Life is Edit. #010 ~仏像に想い焦がれて~

島田 明|Life is Edit.

#010 仏像に想い焦がれて

ひとりのヒトとの出会いによって紡がれ、生まれるあたらしい“なにか”。
ひとつのモノによって惹きつけられ、生まれるあたらしい“なにか”。
編集者とは、まさにそんな“出会い”をつくるのが仕事。
そして人生とは、まさに編集そのもの。
──編集者、島田 明が、出会ったヒトやモノ、コトの感動を紹介します。

文と写真=島田 明

今回は、中学時代にハマって以来、わたしの心の奥底にずっと沈澱しつづけ、ときにフワっと浮き上がってくる存在。
そんなわたしをカタチづくる大事なパーツ”仏像”という存在を、古都・奈良と京都の旅を通じてお伝えします。

わたしの守護霊は”修行僧”!?

15年ほど前、当時所属していたメンズクラブ編集部では、私をふくめたスタッフ数人があつまって、お金を出しあい、福島に住むある有名なチャネラーの方に東京で視てもらう、という風変りな会が年に2回ほどありました。かくいう私も視ていただいたのですが、その方が私を見るなりの第一声が「あなたの守護霊は”修行僧”です」。
いまだに無宗教であるわたしですが、そのときは、なぜか言いあてられたようで、ビックリしました。だって、わたしのなかに思い当たる節がいくつもあったから(笑)。
いや、本当なんです。そう、思い当たる節のいくつか、その前兆は、多感な中学時代にさかのぼります……。

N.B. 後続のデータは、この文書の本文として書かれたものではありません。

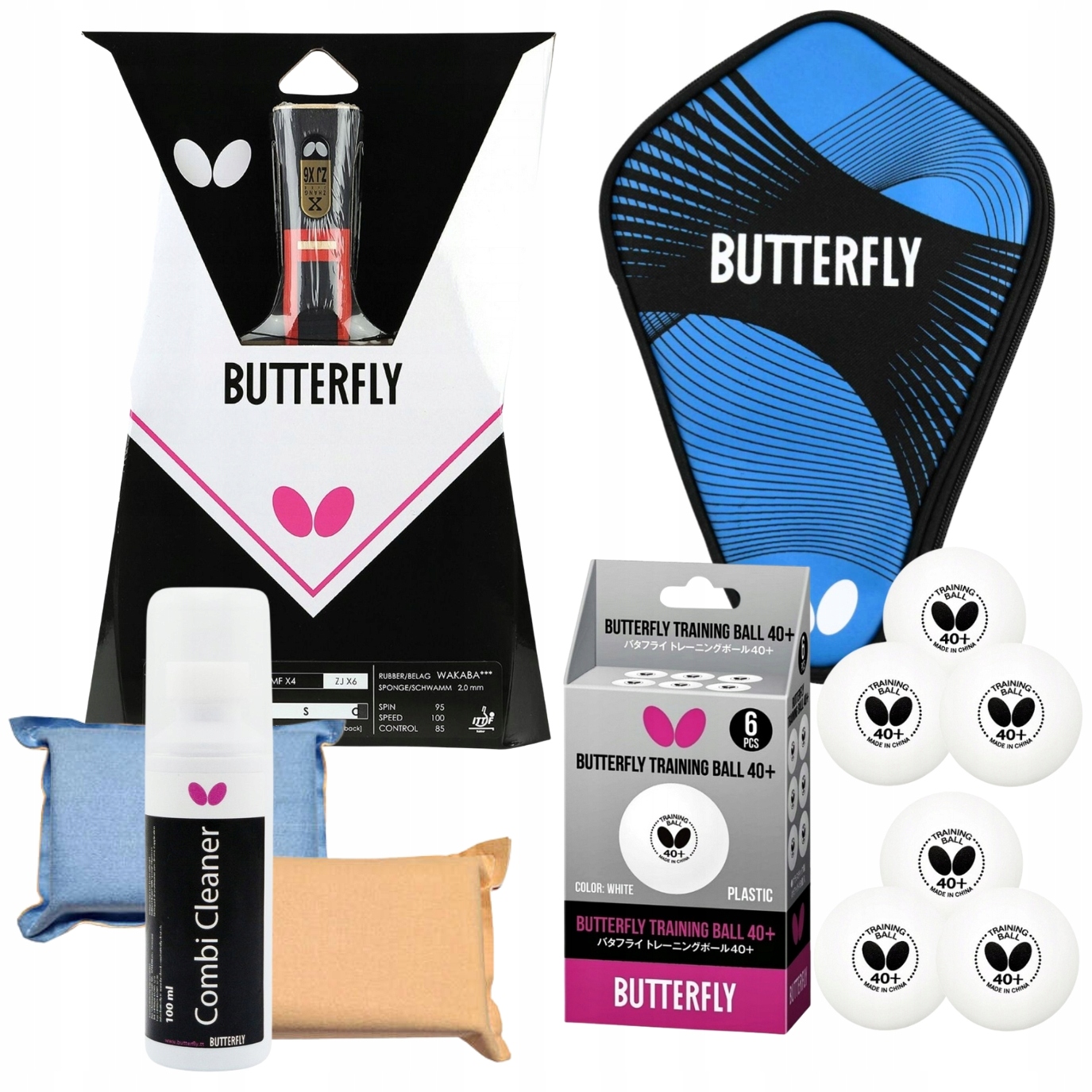 ZESTAW RAKIETKA DO TENISA STOŁOWEGO ZAWIERA RAKIETKĘ BUTTERFLY ZHANG JIKE, POKROWIEC BUTTERFLY CURVE CASE I, PIŁECZKI BUTTERFLY 6 sztuk, PŁYN do czyszczenia BUTTERFLY + GĄBKA DWUSTRONNA

中学時代、13歳の秋。関東圏ではお決まりの修学旅行、といえば京都奈良への旅。ほとんど旅の夜の逸脱した素行の記憶しかない、そんなノーテンキな御一行のひとりであった私は、とあるお寺で、ある意味で運命的な出会いをします。それはそれはビビッ!ときた出会い……。

そのひとつが東大寺・戒壇院に祭られている仏像・廣目天との出会い。
そして、もうひとつが京都・大徳寺大仙院の高僧・尾関宗園和尚、その人との出会いでした。

シンクロする”廣目天”という存在

まずは「廣目天」を語る前に基本的な説明を。廣目天とは、仏法の守護神、つまりは仏の住む世界を支える須弥山(しゅみせん)の四方向を護るガードマン役。東に持国天、南に増長天、北に多聞天、そして西に廣目天が基本の守備体系。で、わたしがビビッ!ときたのが「廣目天」、東大寺にいられる戒壇院の仏像でした。ここでは他の四天王が武器をもってキッと睨みをきかせているのに対し、廣目天だけはおひとりだけ無防備、で毛筆と巻物のみで武装なさっている(まさにペンは剣より強し!)。

そして、御顔は叡智あふれ、才気に走ってクールに決め!しかも、ここ戒壇院の四天王は、ガラスケースやかしこまったフェンスに囲われることなく、間近で見られる状況設定! いわんやイガグリ坊主のわたしはできるかぎり接近を試み、「まるで息をしているみたいだ!」と、ひとり恍惚&興奮状態(笑)。決してひろくない戒壇院のお堂のなか、しばし廣目天と対峙してたら自然とシンクロしてゆき…、そんな貴重な体験をした13歳の秋でありました。

左/東大寺大仏殿の横にありながら、喧噪からはなれた、まさに隠れ家的存在なのが戒壇院。ちかくには幼稚園もあって、時たま聞こえる子供の歓声に、ここは天国!?と思ったり。 右/撮影禁止なので、買った絵葉書で、そのお姿を。ほんといまにも動き出しそうで、息をしているみたいな廣目天像。天平時代に作られ、勿論国宝。まさに感動のお姿です。

それ以来、かれこれ20回、この「廣目天」に会いに、このお寺を訪ねました。そのなかで偶然とは思えない、どこか奇妙な(でもなにか納得?の)出来事がありました。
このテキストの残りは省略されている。